A rectovaginal fistula may form as a result of:

  • Injuries in childbirth
  • Crohn's disease
  • Surgery involving your vagina, perineum, rectum or anus
  • Cancer or radiation treatment in your pelvic area
  • Infections in your anus or rectum
  • Diverticulitis
  • Vaginal trauma.

Diagnostic Tests

Your symptoms are the most clear signs of a vaginal fistula.
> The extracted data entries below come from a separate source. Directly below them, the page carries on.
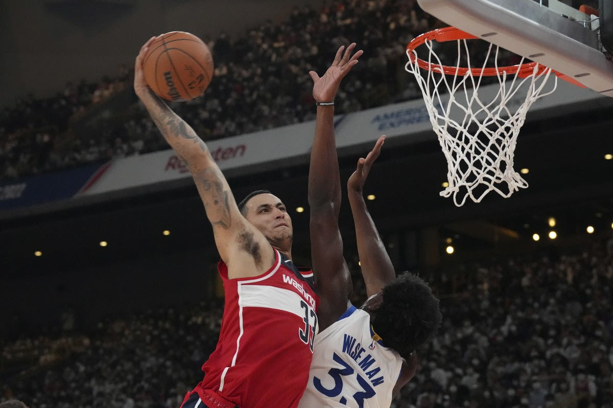 Ισοπεδωτικός ο Κάιλ Κούζμα, βρήκε διάδρομο στον φιλικό αγώνα των Γουίζαρντς με τους Γουόριορς και έκανε πόστερ τον Τζέιμς Γουάισμαν, καρφώνοντας εντυπωσιακά στο πρόσωπό του.
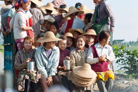 NYAUNG SHWE, MYANMAR - MAY 7 - Locals set out for work in the morning on May 7, 2012 in Nyaung Shwe, Mynmar The town serves as the trading spot and the tourist hub for visiting Inle Lake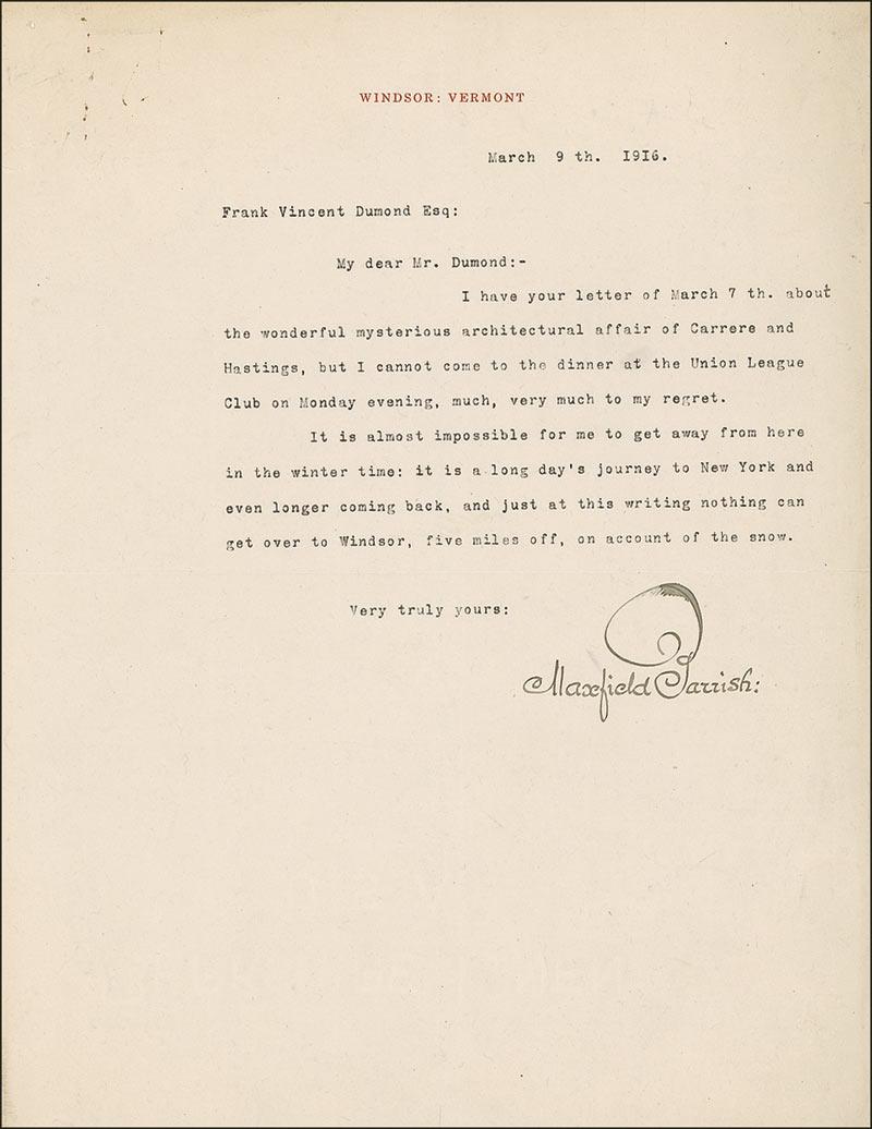 TLS, one page, 8.25 x 11, March 9, 1916. Parrish writes to fellow artist Frank Vincent Dumond (1865–1951). In part: “I have your letter…about the wonderful mysterious architectural affair of Carrere and Hastings, but I cannot come to the dinner at the Union League Club on Monday evening…. It is almost impossible for me to get away from here in the winter time: it is a long day’s journey to New York and even longer coming back, and just at this writing nothing can get over in Windsor, five miles off, on account of the snow.” Staple holes, mild wrinkling, and a few small edge tears and tiny spots, otherwise fine condition. Pre-certified PSA/DNA and RRAuction COA.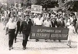 Labour Cooperative Agricultural Farm (Bulgarian: Трудово кооперативно земеделско стопанство) known in its Bulgarian acronym TKZS is an agricultural cooperative in the People's Republic of Bulgaria on the Soviet model. The TKZS were initially and by design voluntarily created, but the mass collectivization of land often led to violent measures to socialize the property of a large part of the rural owners - especially the richest. The cooperation of farmers in various profiles of agricultural production and sales of production until 1944 developed according to principles and structure corresponding to those in other countries in Europe. Until then, Bulgaria was in second place in the world in terms of development of the cooperative movement after Denmark[1] with consumer, credit and savings and agricultural cooperatives created mainly after the First World War. Agricultural producers become members and unite in cooperatives by industry, participating with share capital or membership fees to achieve the goals of these voluntary associations - mutual assistance, a uniform pricing policy, innovations and a commercial structure for the sale of the produced product. The governing bodies are elected and are accountable for their activities to all members of the cooperative.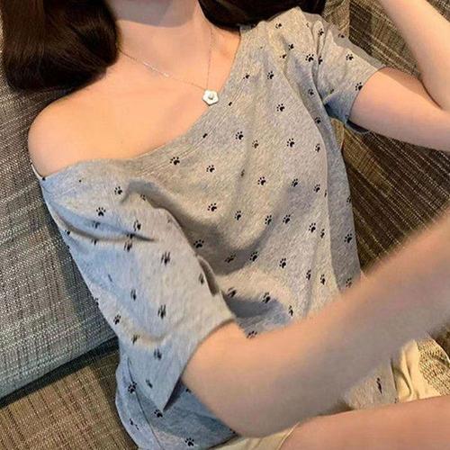 비대칭 티셔츠 새로운 여성 패션 트렌드 매운 소녀 연예인 기질 오프 숄더 탑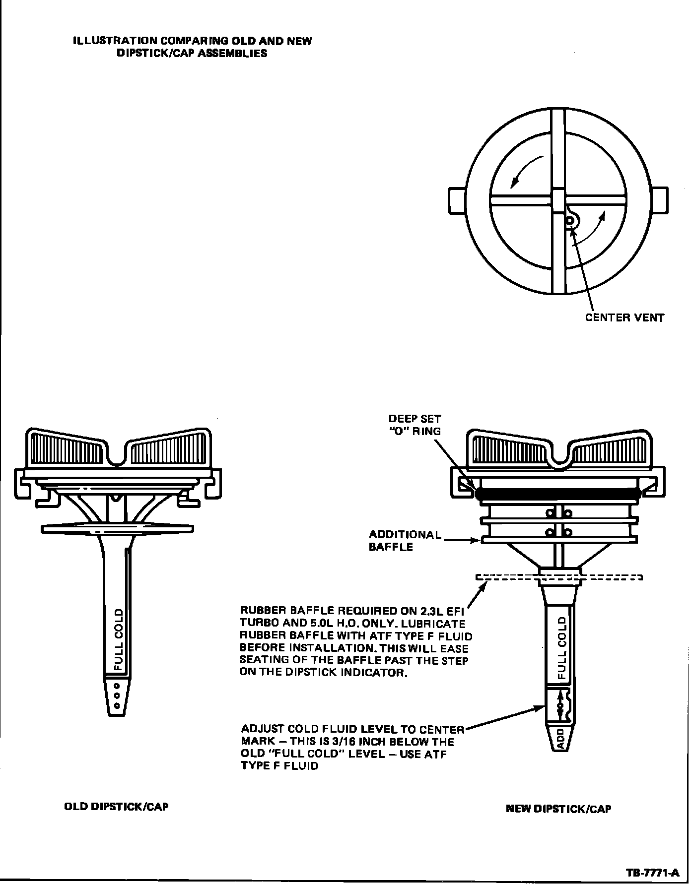 A new center vent dipstick (Figure 4) has been released to prevent spillage. It includes one additional baffle, a deep set O-ring, and a 3/16 inch lower fluid level. For high performance vehicles with a 5.0L H.O. or a 2.3L EFI turbo, a separate rubber baffle is added to the dipstick.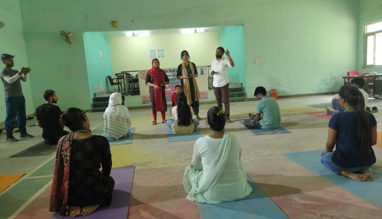 लखनऊ: ख्वाजा मोइनुद्दीन चिश्ती भाषा विश्वविद्यालय में भारत सरकार द्वारा चलाए जा रहे ’योगा अमृत महोत्सव कार्यक्रम’ के अंतर्गत शारीरिक शिक्षा विभाग, महिला अध्ययन केंद्र तथा एन. सी. सी. के संयुक्त तत्वाधान में योग कार्यशाला का आयोजन किया गया।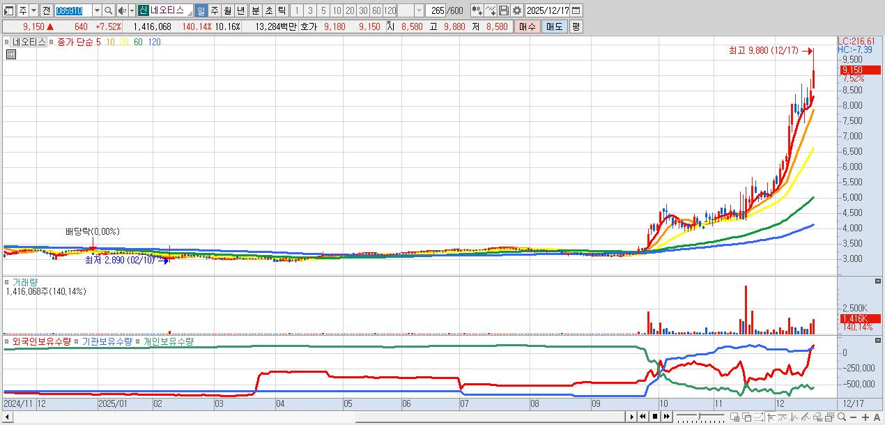 - 네오티스 (9,150원 ▲ 7.52% , 시총: 1,275억, 거래량: 1,416,068, 거래대금:133억, KOSDAQ)
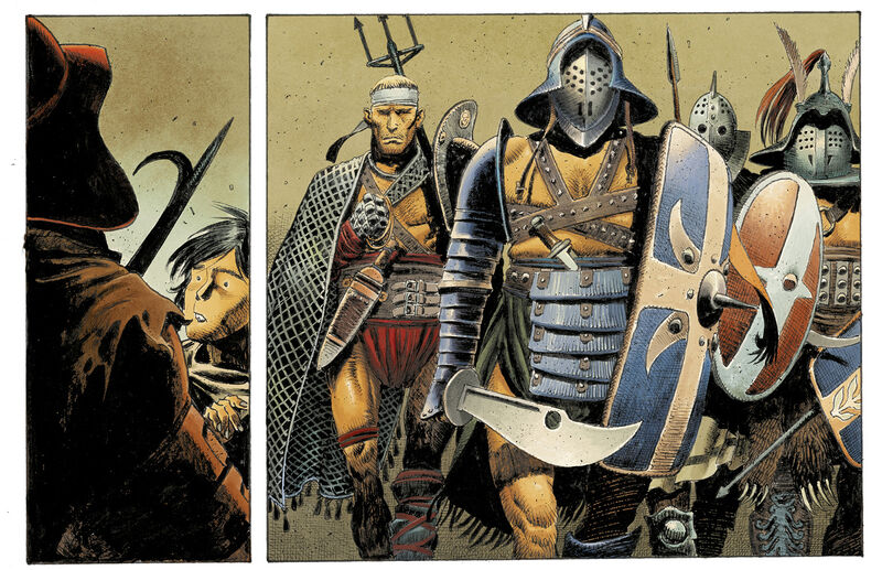 En fuite de Pompéi, Lucius se fait désormais appeler Marcus et devient ouvrier sur le chantier du Colisée. Il y fait la connaissance d’un jeune sculpteur, Cyriacus, qui lui fabrique un bras articiel et n’est autre que son fils ! Hélas, ce dernier veut retrouver ses parents adoptifs… S’ensuit un terrible affrontement dans le monument en construction et un marché imposé à Marcus : tuer Al-Azar dans sa forteresse de Golgotha !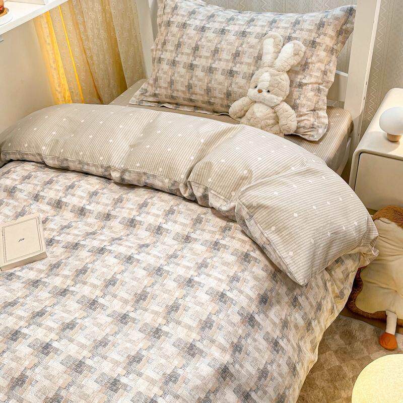 北欧风60S全棉床单4件套学生宿舍被套三件套百分百纯棉四件套男生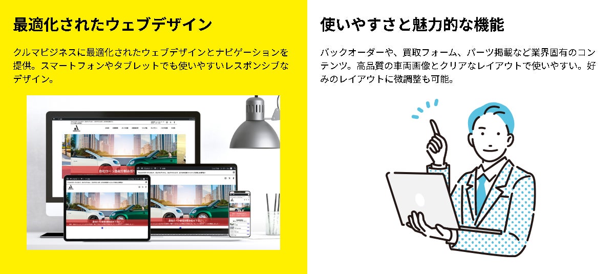 このサービスは、カーセンサーとの物件連動機能が特長であり、中古車販売店の手間を大幅に削減することで、ビジネスオーナーの効率的なWEB運営が期待できます。

Your doctor will want to talk about your symptoms, as well as any surgery, trauma, or disease that could have caused a fistula.

In addition to a physical exam, your doctor may perform the following tests:

  • Using dye in the vagina, bladder or rectum to find all signs of leakage
  • Urinalysis to check for infection
  • Blood test to check for signs of infection in your body
  • Computerized tomography (CT) scan to help locate a fistula and determine its cause.
  • Magnetic resonance imaging (MRI) to show the location of a fistula as well as involvement of pelvic organs or the presence of a tumor.
  • Anorectal ultrasound to evaluate the structure of your anal sphincter and may show defects caused by obstetric injury.

Treatment and Procedures

Treatment for a rectovaginal fistula depends on its cause, size, location and effect on surrounding tissues. It's important to have a rectovaginal fistula evaluated. Some rectovaginal fistulas may close on their own, but most need to be repaired surgically. Before surgery, your doctor will see whether the tissue is healthy or needs to heal first.

  • You may need medicine or wound care to heal the tissue before surgery.
  • If you have inflammatory bowel disease, your doctor will not do surgery during a symptom flare.
  • If you have a large rectovaginal fistula, your doctor may first place a colostomy to keep the fistula clear for the surgery. After the fistula repair heals, the colostomy is taken out.